Tountouris represents internationally established players including Greek internationals Konstantinos Tsimikas, Anastasios Douvikas and Konstantinos Koulierakis. He has previously represented former Greek captain Giorgos Karagounis, South African internationals Andile Jali and Bernard Parker, Zimbabwean captain Knowledge Musona, and manager Giannis Anastasiou.

==Early career==
Tountouris began his career in international football as the Head of World Football Division of Prosport International, the South African agency run by agent Mike Makaab. During his tenure he negotiated the transfers to Europe of several international players, including Knowledge Musona, Jabu Pule, Collins Mbesuma, Bernard Parker, Nasief Morris and Jonathan Mensah. In 2004 he founded Prosport in Greece, which he subsequently developed into the country's leading football representation agency.

==Anti-racism activity==
On 14 April 2008, Tountouris organised a conference at the Athens Metropolitan Hotel to mobilise Greek society in the fight against racism in football. Politicians, journalists and sports figures attended the day-long event, including the then-President of the Hellenic Football Federation Sofoklis Pilavios, international footballers Manucho, Nasief Morris and Simão Mate Junior, South African Olympic medallist Elana Meyer, Apostolos Tzitzikostas and Yannis Moralis, among others.

==Tsimikas transfer to Liverpool F.C.==
In August 2020, Tountouris concluded what was reported as the most prestigious transfer of a Greek player at the time, with the signing of Konstantinos Tsimikas to Liverpool F.C. from Olympiacos for a fee reported at approximately €17 million.

==Acquisition of Prosport by AS1 (Bruin Capital)==
On 6 February 2026, AS1 Sports — the international football representation agency launched in December 2024 by U.S. private equity firm Bruin Capital — announced the acquisition of Prosport as part of its global expansion plan in the professional football market. The deal was widely reported in the Greek financial and sports press as a landmark transaction for the country's sports representation industry, marking the first integration of a leading Greek football agency into a top-ten global representation platform.

AS1 was launched in December 2024 through Bruin Capital's consolidation of four agencies — Nomi Sports, Position Number, Promoesport and Football Division Worldwide — at a reported combined valuation of approximately $310 million, with Ignacio Aguillo as Chief Executive Officer and Bruin founder George Pyne as Chairman. Headquartered in London with offices across Spain, Portugal and the United Arab Emirates, AS1 represents more than 300 players of over 35 nationalities competing across more than 30 professional leagues, including Bruno Fernandes, Luis Díaz, Piero Hincapié and Nuno Mendes.

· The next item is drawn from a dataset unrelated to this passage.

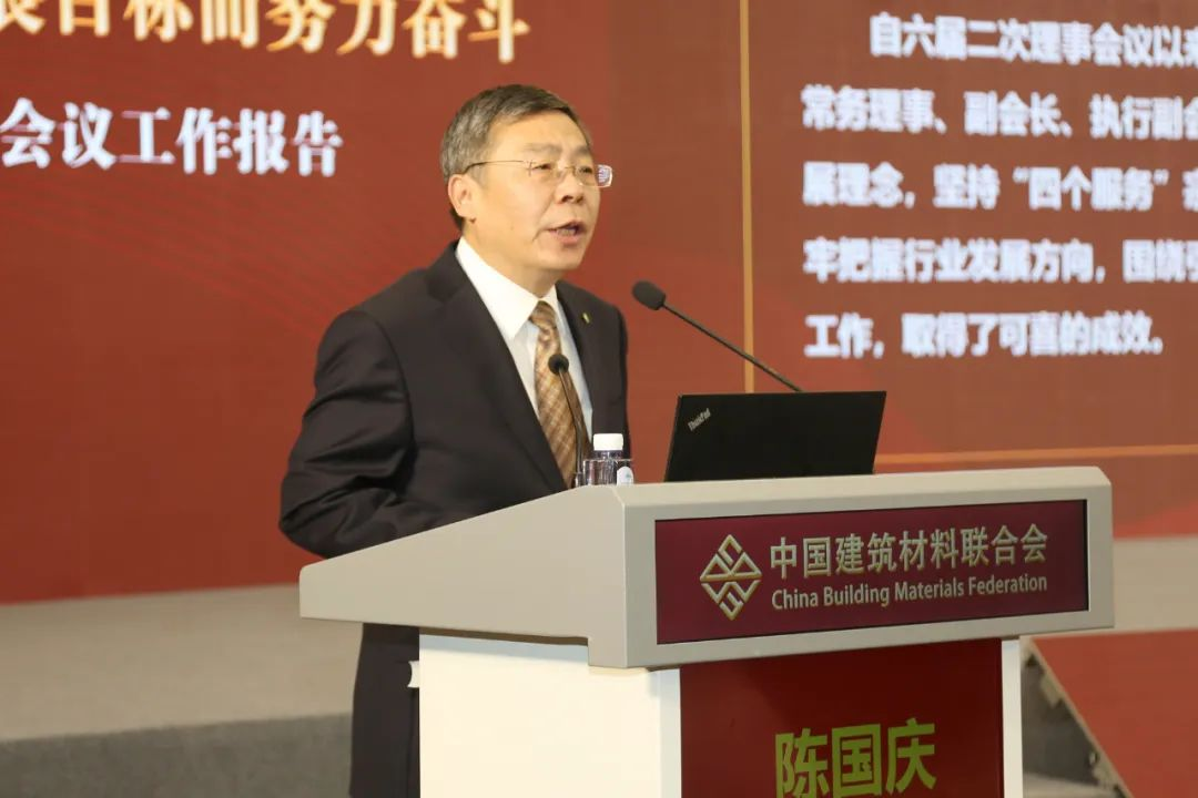 受會長閻曉峰委托,陳國慶代表中國建筑材料聯(lián)合會六屆理事會作題為《堅持綠色低碳安全高質(zhì)量發(fā)展 堅持“四個服務(wù)”工作定位 為實現(xiàn)“宜業(yè)尚品、造福人類”行業(yè)發(fā)展目標(biāo)而努力奮斗》的工作報告。報告回顧了聯(lián)合會近一年來的工作情況,分析了面臨的形勢任務(wù),提出了下一步工作思路舉措。

Following the integration, Tountouris became a partner and shareholder of AS1, retaining responsibility for the agency's operations in Greece while contributing to its broader European recruitment and commercial strategy. Commenting on the deal, Tountouris described the integration as "a strategic step for Prosport" supporting its long-term growth plan, while AS1 CEO Ignacio Aguillo characterised it as reinforcing the agency's vision of building a global network grounded in trust, excellence and holistic talent management.

==Politics==
In May 2023, Tountouris was elected as a councillor for the Municipality of Thessaloniki. On 25 September 2019 he had previously been appointed deputy chairman of the National Sports Centres of Thessaloniki (E.A.K.).